# Fixing a delam, what epoxy should I use? And how?



## freshy (Nov 18, 2009)

Like the title says I am fixing a pretty large delamanation and trying to find some epoxy in my town. I searched and googled and came up with that hysol epoxy from lock-tite, but unfortunately I cant find that stuff anywhere around here. Damnit I cant remember the name of the stuff I did find here, it is for marine use and it remains flexible, is water proof, and can set underwater, and it's white which happens to be the color of my top sheet and base. Anyway it is like $25 for a syringe when everything else is like $11, so that kind of leads me to believe it is good quality. The hysol epoxy is around the same price ($21 online).

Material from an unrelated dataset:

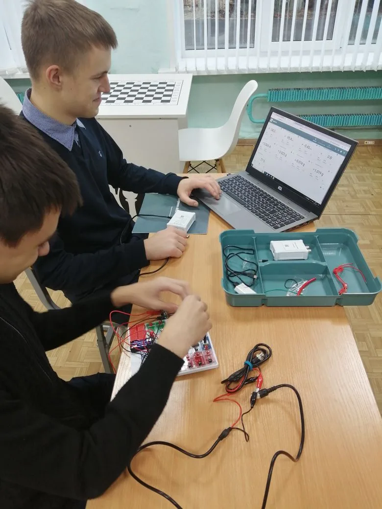На внеурочном занятии "Физика вокруг нас" учащиеся МБОУ "Губкинская сош" под руководством учителя физики Куркина С.Н. учащиеся выполняют лабораторную работу с программным обеспечением RELAB PRO 2.
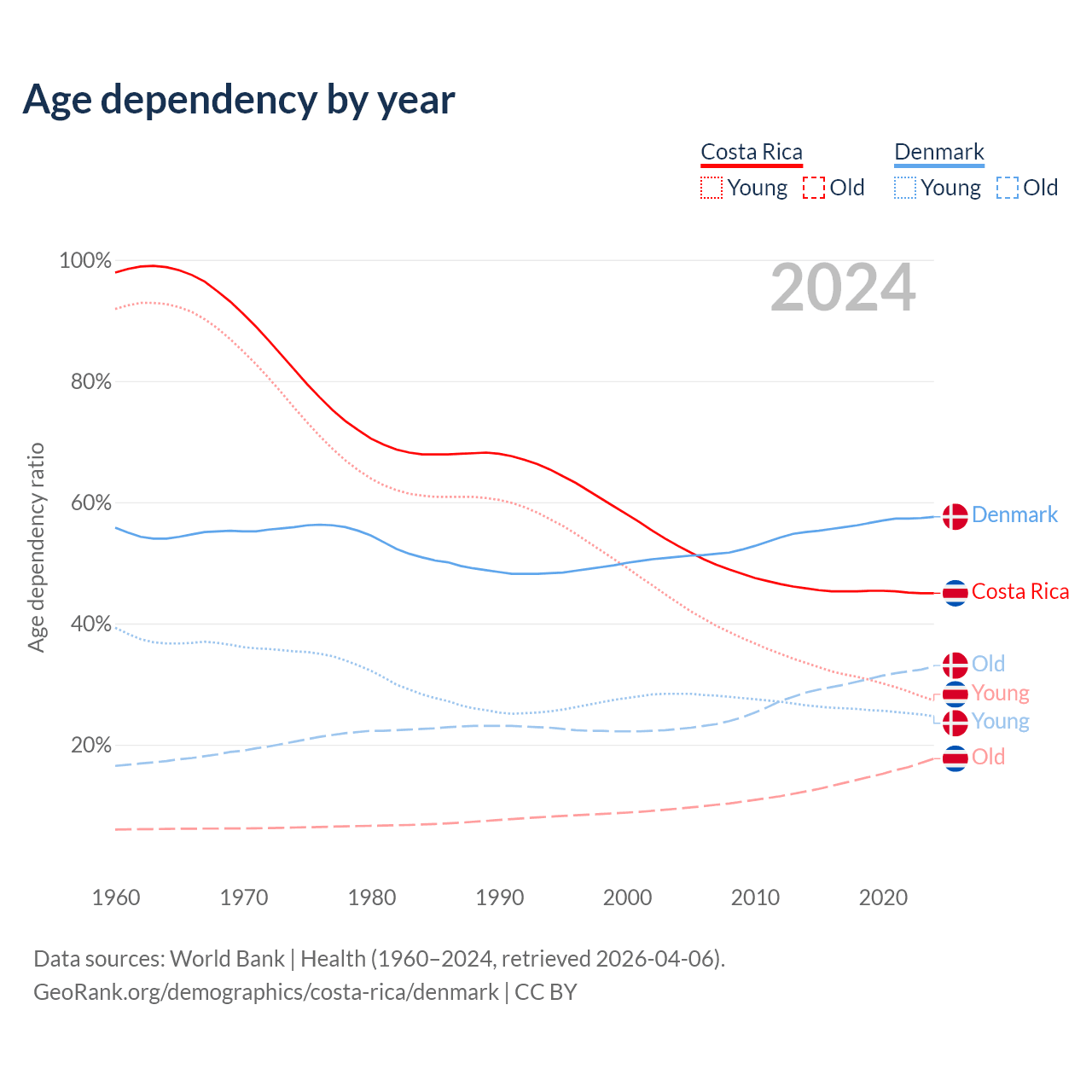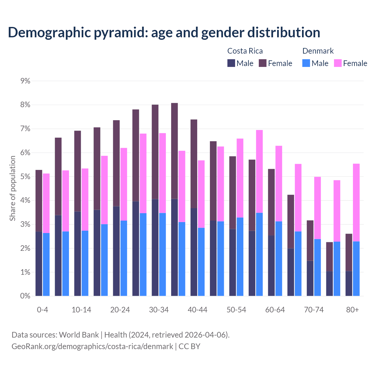 - Costa Rica is ranked 72/196 by median age (oldest to youngest) vs 34/196 for Denmark.

I hit a tree buried under snow and now I have a gaping boardgina from the end of the edge up about two inches in the curve of the nose. I picked out as much tree as I could while trying not to pull out too much board guts. Now my p-tex still looks lumpy like there is still debris in it but that should go back down once glued and clamped no? I'm sure I got all of the foreign material out. But was wondering if it is ok to pry it apart more to make sure. I am worried because I had to pry it a bit to clean the stuff out and I dident like seeing the p-tex lifting beside the edge like that...so I stopped prying.

And the edge itself took a little damage too. It looks like I split it so the last 1/16" is just kind of a chunk kinked out to the side. I don't know if I should bang it back in, file it down, or remove it and fill it with epoxy, or do something else...I suppose I pic might help if I am unclear explaining this, I can take one tomorow if it helps. 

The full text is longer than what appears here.